Start with your candidate number, say $\sqrt 2$. Choose some range about it, say $\sqrt{2} \pm 1$. Now, that's a reasonable chunk of the number line, so you must be able to find a rational number in it, because rational numbers are packed in everywhere. $3/2$ will do, that's the first element of your sequence. Now choose a smaller range, say $\sqrt{2} \pm 1/2$. It turns out $3/2$ fits in this one too, so let's pick that one again. Now choose $7638$. That's nowhere near where you want to be, but it actually doesn't matter – if you only make finitely many "mistakes" like that, it doesn't make the slightest bit of difference to where you converge.

Okay, now let's pick some rational in the range $1$ to $1.5$, because that's a smaller range than before that still contains $\sqrt{2}$. Let's pick $1.23523$ (notice this is actually further away than $3/2$ was – this doesn't matter). Narrow the range to $1.25$ to $1.45$ (you can check this range is still ok by squaring both ends and checking the lower one falls below $2$ and the upper one above it). Pick another rational. Narrow again, and pick again. Keep going forever.

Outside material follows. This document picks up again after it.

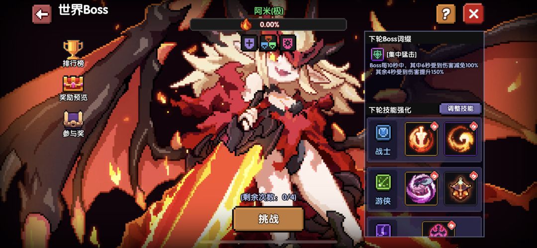 阿米极力不建议打二阶段,因为二阶段阿米会有无敌和全屏秒杀,并且进入愤怒状态后阿米的攻击会附加灼伤 效果,灼伤其中一个效果非常致命,身上有灼伤buff的玩家,攻击强度会被减少10%,最多叠加5层。所以能不打二阶段就不打二阶段。 一阶段的阿米也会飞天,但不是无敌,这个要注意,一阶段的飞天不是无敌,很多玩家在打阿米的时候都认为阿米飞天就是无敌,要细心,阿米的技能一开始会释放2波弹幕,这时候只要玩家走位就能躲了,随后阿米会飞天追踪玩家进行落地杀,这个就需要点移速躲一下了,范围还是比单人打的时候大。

As long as the width of the ranges you allow eventually approach zero, the rational sequence you pick will eventually converge to $\sqrt 2$.


Here's another approach: pick a sequence that converges to $0$. Add $\sqrt{2}$ to every element. Now your sequence converges to $\sqrt{2}$, but it might not have rational elements. However, you can fix it: as before, rationals are packed in everywhere, so you ought to be able to move each element of your sequence just a tiny amount – say, less than its distance to $\sqrt{2}$, so it ends up less than twice as far away – and hit a rational number nearby. Now all your sequence members are rational, and you're done.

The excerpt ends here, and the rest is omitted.